A Religious ‘Indulgence’ – The Rag That Became A ‘Relic’
30 March 2008 by KA
This bit of religious skullduggery caught my eye recently:
Shroud mystery ‘refuses to go away’
There are very few Christian relics as important and as controversial as the Shroud of Turin.
This linen cloth, measuring about 4.4m by 1.1m (14.4×3.6 feet) holds the concealed image of a man bearing all the signs of crucifixion.
Which begs the question: has anyone ever run tests on any other ’shroud’ besides this one?
Scientific tests have proved that there are blood stains around the marks consistent with a crown of thorns and a puncture from a lance to the side.
Ummm…no. This isn’t the whole story.
There are several reddish stains on the shroud suggesting blood. McCrone (see above) identified these as containing iron oxide, theorizing that its presence was likely due to simple pigment materials used in medieval times. Other researchers, including Alan Adler, a chemist specializing in analysis of porphyrins, identified the reddish stains as type AB blood and interpreted the iron oxide as a natural residue of that element always found in mammalian red blood cells.
[...]
The particular shade of red of the supposed blood stains are problematic, according to skeptics of the shroud’s authenticity. Normally, whole blood stains discolor relatively rapidly, turning to a black-brown shade, while these stains range from a red to a brown color. Skeptics claim that: ” Blood has not been identified on the shroud directly, but it has been identified on sticky tape that was used to lift fibrils from the shroud. Dried, aged blood is black. The stains on the shroud are red. Forensic tests on the red stuff have identified it as red ocher and vermilion tempera paint.” and that if there is blood: “it could be the blood of some 14th century person. It could be the blood of someone wrapped in the shroud, or the blood of the creator of the shroud, or of anyone who has ever handled the shroud, or of anyone who handled the sticky tape. But even if there were blood on the shroud, that would have no bearing on the age of the shroud or on its authenticity.
Until the 1980s, millions of Christians around the world believed the Shroud to be the burial cloth of Christ.
Put simply, it meant that for millions of people the Shroud was, in effect, a Polaroid of Jesus’ death – a snapshot of the defining moment in Christianity.

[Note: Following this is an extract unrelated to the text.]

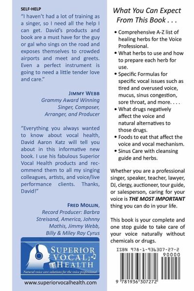 Whether you are a professional singer, speaker, teacher, lawyer, DJ, clergy, auctioneer, tour guide, or sales person. caring for your voice is THE MOST IMPORTANT thing you can do in your life.This book is your complete and one stop guide to take care of your voice naturally without chemicals or drugs. What you can expect from this book: *Comprehensive A-Z list of healing herbs for the Voice Professional *What herbs to use when and how to prepare each herb for use *Specific Formulas for specific vocal issues such as tired and over used voice, mucus,sinus congestion, sore throat and more... *What drugs negatively affect the voice and natural alternatives to those drugs. *Foods to eat that affect the voice and vocal mechanism. *Sinus Care with cleansing guide and herbs. *Food lists that help create and maintain Superior Vocal health. *"What to do When" natural solutions for the most pressing Performance and Presentation issues such as performance anxiety, clogged sinuses, chest congestion, mental clarity and more. David Aaron Katz is a professional Opera singer, Cantor, Nutritional Consultant, Herbalist and CEO of Superior Vocal Health.com. His life mission is to help Voice Professionals from around the world to learn how to heal, maintain and strengthen their voices naturally without chemical or drugs.

It put the Shroud in a league of its own in the realm of the most important Christian relics.
But in 1989, the significance of the Shroud seemed to evaporate after a radiocarbon dating test pronounced a stunning verdict – the Shroud of Turin was indisputably a medieval fake.
Again, not the whole story (from previous link):
In 1988, the Holy See agreed to permit six centers to independently perform radiocarbon dating on portions of a swatch taken from a corner of the shroud, but at the last minute they changed their minds and permitted only three research centers to independently perform radiocarbon dating. All three, Oxford University, the University of Arizona, and the Swiss Federal Institute of Technology, agreed with a dating in the 13th to 14th centuries (1260–1390).The scientific community had asked the Holy See to authorize more samples, including from the image-bearing part of the shroud, but this request was refused. One possible account for the reluctance is that if the image is genuine, the destruction of parts of it for purposes of dating could be considered sacrilege. Another possibility is that the Church is reluctant to risk exposing the Shroud as a forgery.
My bets on the latter. Any takers?
Mr Jackson, a lecturer in physics and cosmology (author’s note: I introduced this link, since obviously Mr. Jackson doesn’t practice this form of it.)
, introduced me to a wealth of fresh historical and forensic evidence that linked the Shroud of Turin to two earlier Shrouds of Christ.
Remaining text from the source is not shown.